Text courtesy of Noel H. Pugach, Professor Emeritus (History), University of New Mexico (Albuquerque).
NEW YORK
Surprise Lake Camp, 1902-present
Courtesy of Surprise Lake Camp
Founded in 1902 by the Educational Alliance to provide a summer vacation for Jewish boys from the tenements of Manhattan's Lower East Side, Surprise Lake Camp in Cold Spring, New York, is the oldest Jewish camp in America continuously operating in its original location.
The first campers arrived via the New York Central Railroad. They hiked two miles into camp where they lived in tents for two weeks, were served food cooked outdoors, and washed in the lake.
During its 109 year history, partners included the 92nd Street Y and the Federation of Jewish Philanthropies. Surprise Lake became a New York not-for-profit in 1920, eventually leading to compete independence from its founding agencies.
One of Surprise Lake's first campers was Eddie Cantor, who, upon achieving success as an entertainer, became one of the camp's most ardents supporters. Among the thousands of young people served, many have achieved prominence, including Neil Diamond, Larry King, Jerry Stiller, Joseph Heller, Nancy Lieberman, Walter Matthau, and Larry David.
Over its long history, Surprise Lake Camp has been dedicated to feeding undernourished boys, has operated as a year-round camp with formal education, and is now a general co-ed summer camp with special emphasis on scholarships serving boys and girls from the Greater New York City area from 7 to 15 years of age. In 2010, with over $850,000 in total scholarships provided, Surprise Lake is believed to be the most generous Jewish scholarship camp in the United States.

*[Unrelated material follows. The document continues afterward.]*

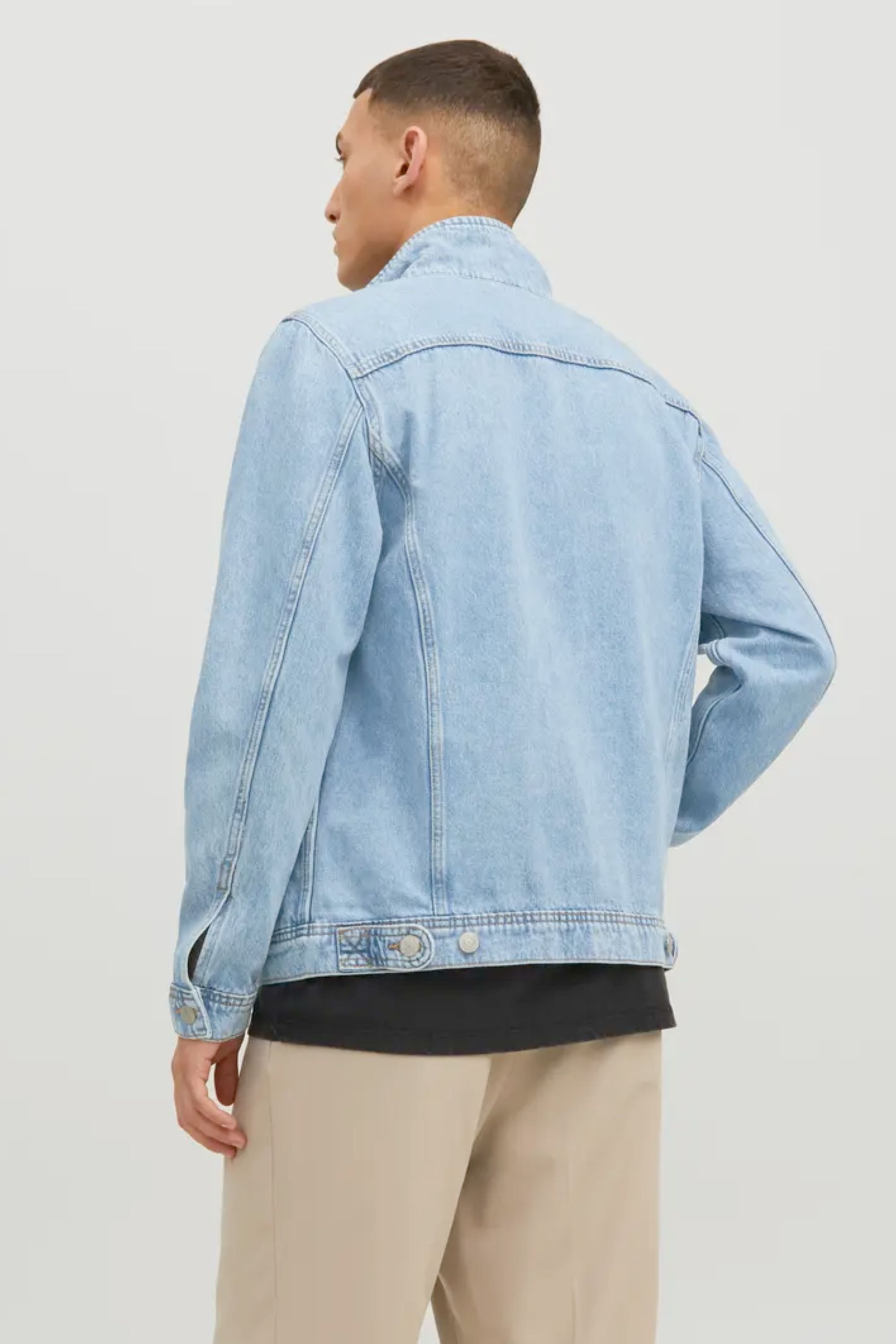 Giacca di jeans chiara da uomo del marchio JACK&JONES. Modello casual e facilmente abbinabile per l'uso quotidiano! Tessuto twill intrecciato resistente, collo classico, maniche lunghe con polsini abbottonati e tasche al petto e anteriori. Il modello classico e la lavatura chiara donano alla giacca un aspetto denim fresco e leggermente consumato. Materiale 90 % cotone e 10 % cotone riciclato.

Text courtesy of Surprise Lake Camp.
NORTH CAROLINA
Gertrude Weil, 1879-1971
Courtesy of the Institute of Southern Jewish Life
Gertrude Weil was born in 1879 in Goldsboro to an antebellum German immigrant family. In 1901 she became the first North Carolinian to graduate from Smith College. After she toured Europe, her family called her home.
While Weil men created businesses and philanthropies, Gertrude's mother Mina Rosenthal Weil and aunt Sarah Einstein Weil founded cultural societies, women's clubs, and social service agencies. Mina's friends included Henrietta Szold, founder of Hadassah.
"Federation Gertie" was a Progressive Era "new woman." As officer of the North Carolina Federation of Women's Clubs, Weil recognized that social reform was impossible unless women secured the vote. In 1914 she organized the Equal Suffrage League, serving as state president and national secretary. Founding president of the state's League of Women Voters, she worked for labor rights and social welfare. A member of the Commission on Interracial Cooperation, she endorsed integration in the 1940s. In her eighties when civil rights movement arrived, she opened her door to African Americans for the Goldsboro Bi-Racial Council.
Active in Jewish causes, Weil attended Sabbath services loyally at Temple Oheb Sholom. She was twice president of the North Carolina Association of Jewish Women. Family efforts to save German relatives from Nazi persecution strengthened her Zionism. In 1951 she visited Israel and served Hadassah locally and regionally.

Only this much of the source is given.